Note that -l, -f, and -i define where data comes from. If none of these options is given then it default to reading
stdin.
USAGE:
gb [FLAGS] [OPTIONS]
FLAGS:
-c, --csv_output Write delimited output
-v Verbosity - use more than one v for greater detail
--skip_header Skip the first (header) line
--no_record_count Do not write records
--noop_proc Do no real work - no parsing - for testing
-i Read a list of files to parse from stdin
--stats Write stats after processing
--no_output do not write summary output
--recycle_io_blocks_disable disable reusing memory io blocks
--disable_key_sort disables the key sort
-E, --print_examples Prints example usage scenarious - extra help
-h, --help Prints help information
-V, --version Prints version information
OPTIONS:
-R, --test_re <testre> One-off test of a regex
-L, --test_line <testline>... Line(s) of text to test with -R option instead of stdin
-k, --key_fields <keyfield>... Fields that will act as group by keys
-u, --unique_values <uniquefield>... Fields to count distinct
-D, --write_distros <writedistros>... write unique value distro with -u option
--write_distros_upper <writedistrosupper> number highest value x count [default: 5]
--write_distros_bottom <writedistrobottom> number lowest value x count [default: 2]
-s, --sum_values <sumfield>... Sum fields as float64s
-a, --avg_values <avg_fields>... Average fields
-x, --max_nums <max_num_fields>... Max fields as float64s
-n, --min_nums <min_num_fields>... Min fieldss as float64
-X, --max_strings <max_str_fields>... Max fields as string
-N, --min_strings <min_str_fields>... Min fields as string
-A, --field-aliases <field_aliases>... Alias the field positions to meaningful names
-r, --regex <re-str>... Regex mode regular expression to parse fields
-p, --path_re <re-path> Match path on files and get fields from sub groups
--re_line_contains <re-line-contains> Grep lines that must contain a string
-d, --input_delimiter <delimiter> Delimiter if in csv mode [default: ,]
-q, --quote <quote> csv quote character
-e, --escape <escape> csv escape character
-C, --comment <comment> csv mode comment character
-o, --output_delimiter <outputdelimiter> Output delimiter for written summaries [default: ,]
--empty_string <empty> Empty string substitution [default: ]
-t, --parse_threads <parse-threads> Number of parser threads [default: 12]
-I, --io_threads <io-threads> Number of IO threads [default: 6]
--queue_size <thread-qsize> Queue length of blocks between threads [default: 48]
--path_qsize <path-qsize> Queue length of paths to IO slicer threads [default: 0]

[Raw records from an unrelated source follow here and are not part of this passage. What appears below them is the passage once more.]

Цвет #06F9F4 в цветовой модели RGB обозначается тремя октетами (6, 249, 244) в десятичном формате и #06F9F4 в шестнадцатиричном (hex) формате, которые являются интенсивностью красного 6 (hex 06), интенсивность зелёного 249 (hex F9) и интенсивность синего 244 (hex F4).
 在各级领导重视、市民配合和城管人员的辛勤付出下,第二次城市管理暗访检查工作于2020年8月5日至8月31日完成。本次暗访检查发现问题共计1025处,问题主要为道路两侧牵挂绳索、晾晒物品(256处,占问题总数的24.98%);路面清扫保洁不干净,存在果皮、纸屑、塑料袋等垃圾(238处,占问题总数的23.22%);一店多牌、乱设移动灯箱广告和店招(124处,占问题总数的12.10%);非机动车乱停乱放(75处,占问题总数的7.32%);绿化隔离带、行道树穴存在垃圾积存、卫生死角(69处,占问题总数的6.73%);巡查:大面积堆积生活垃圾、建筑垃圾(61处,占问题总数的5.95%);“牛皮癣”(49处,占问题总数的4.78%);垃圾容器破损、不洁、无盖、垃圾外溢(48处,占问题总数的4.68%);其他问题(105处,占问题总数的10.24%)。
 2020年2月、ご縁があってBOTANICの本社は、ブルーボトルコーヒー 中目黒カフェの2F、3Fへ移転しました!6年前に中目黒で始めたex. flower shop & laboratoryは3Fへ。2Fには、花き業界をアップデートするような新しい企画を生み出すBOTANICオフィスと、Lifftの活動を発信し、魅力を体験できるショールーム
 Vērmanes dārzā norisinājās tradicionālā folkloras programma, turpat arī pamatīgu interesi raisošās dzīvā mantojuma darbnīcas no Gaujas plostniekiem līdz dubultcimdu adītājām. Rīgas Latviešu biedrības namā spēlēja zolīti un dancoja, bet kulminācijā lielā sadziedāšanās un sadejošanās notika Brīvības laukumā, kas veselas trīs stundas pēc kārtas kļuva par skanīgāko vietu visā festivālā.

--io_block_size <io-block-size> IO block size - 0 use default [default: 0]
--q_block_size <q-block-size> Block size between IO thread and worker [default: 256K]

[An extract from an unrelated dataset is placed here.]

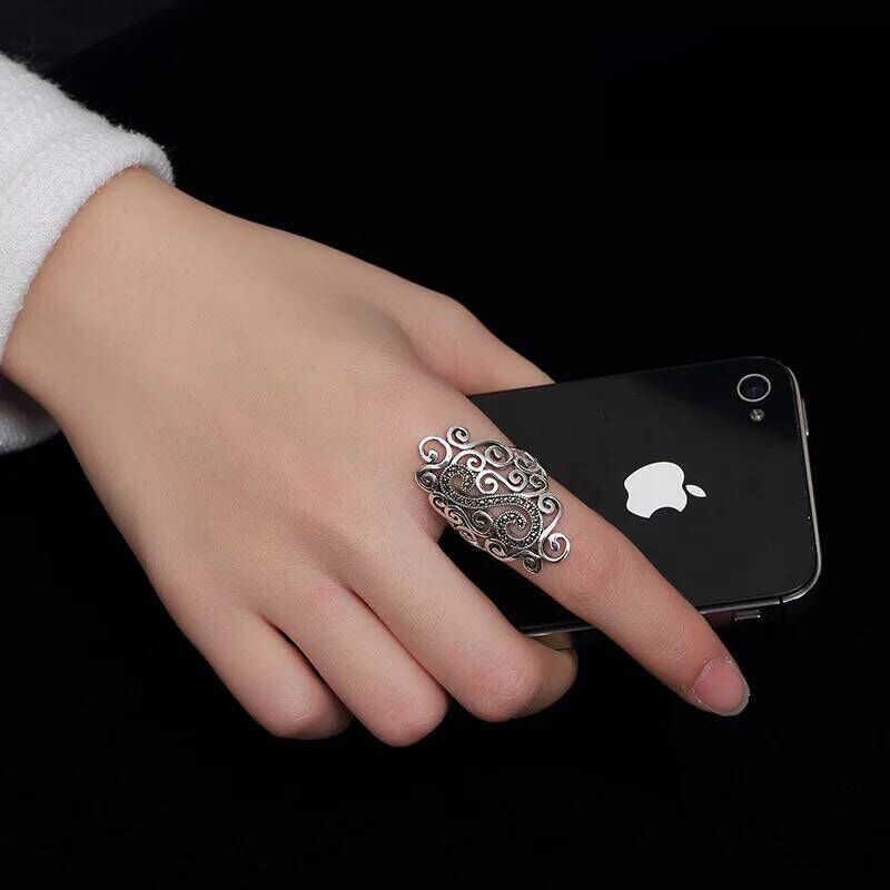 925纯银复古民族风食指戒指女时尚个性轻奢高级感夸张大指环小众

-l <file_list> A file containing a list of input files
-f <file>... List of input files
-w, --walk <walk> recursively walk a tree of files to parse
--null_write <nullstring> String to use for NULL fields [default: NULL]
TODO/ideas:
--where 1:<re>
--where_not 1:<re>
--tail &| --head
--count_ge <num>
--count_le
~--sort_count_desc
--sort_count_asc
fixed
faster, but not as fast as possible
This does function and I have used it on well formed xml, but not sure it will be a thing or not.